MLLMCelltype
Cell type annotation for single-cell RNA-seq using multi-LLM consensus
Install / Use
/learn @cafferychen777/MLLMCelltypeREADME
mLLMCelltype: Multi-LLM Consensus Framework for Cell Type Annotation
mLLMCelltype is a multi-LLM consensus framework for automated cell type annotation in single-cell RNA sequencing (scRNA-seq) data. The framework integrates multiple large language models including OpenAI GPT-5.2, Anthropic Claude-4.6/4.5, Google Gemini-3, X.AI Grok-4, DeepSeek-V3, Alibaba Qwen3, Zhipu GLM-4, MiniMax, Stepfun, and OpenRouter to improve annotation accuracy through consensus-based predictions.
Abstract
mLLMCelltype is an open-source tool for single-cell transcriptomics analysis that uses multiple large language models to identify cell types from gene expression data. The software implements a consensus approach where multiple models analyze the same data and their predictions are combined, which helps reduce errors and provides uncertainty metrics. This methodology offers advantages over single-model approaches through integration of multiple model predictions. mLLMCelltype integrates with single-cell analysis platforms such as Scanpy and Seurat, allowing researchers to incorporate it into existing workflows. The method does not require reference datasets for annotation.

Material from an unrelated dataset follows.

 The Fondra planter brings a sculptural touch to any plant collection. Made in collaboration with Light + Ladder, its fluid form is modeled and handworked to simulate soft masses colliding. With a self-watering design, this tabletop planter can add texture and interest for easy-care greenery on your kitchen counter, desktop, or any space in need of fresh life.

In our benchmarks (Yang et al., 2025), the consensus approach achieved up to 95% accuracy on tested datasets.
Table of Contents
Web Application: A browser-based interface is available at mllmcelltype.com (no installation required).

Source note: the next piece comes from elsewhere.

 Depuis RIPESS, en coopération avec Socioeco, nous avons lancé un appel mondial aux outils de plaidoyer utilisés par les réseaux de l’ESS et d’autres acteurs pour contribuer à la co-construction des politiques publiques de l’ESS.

See also: FlashDeconv — cell type deconvolution for spatial transcriptomics (Visium, Visium HD, Stereo-seq).
Key Features
- Multi-LLM Consensus: Integrates predictions from multiple LLMs to reduce single-model limitations and biases
- Model Support: Compatible with 10+ LLM providers including OpenAI, Anthropic, Google, and others
- Iterative Discussion: LLMs evaluate evidence and refine annotations through multiple rounds of discussion
- Uncertainty Quantification: Provides Consensus Proportion and Shannon Entropy metrics to identify uncertain annotations
- Cross-Model Validation: Reduces incorrect predictions through multi-model comparison
- Noise Tolerance: Maintains accuracy with imperfect marker gene lists
- Hierarchical Annotation: Supports multi-resolution analysis with consistency checks
- Reference-Free: Performs annotation without pre-training or reference datasets
- Documentation: Records complete reasoning process for transparency
- Integration: Compatible with Scanpy/Seurat workflows and marker gene outputs
- Extensibility: Supports addition of new LLMs as they become available
For changelog and updates, see NEWS.md.
Installation
R Version
# Install from CRAN (recommended)
install.packages("mLLMCelltype")
# Or install development version from GitHub
devtools::install_github("cafferychen777/mLLMCelltype", subdir = "R")
Python Version
Quick Start: Try mLLMCelltype in Google Colab without any installation. Click the badge above to open an interactive notebook with examples and step-by-step guidance.
# Install from PyPI
pip install mllmcelltype
# Or install from GitHub (note the subdirectory parameter)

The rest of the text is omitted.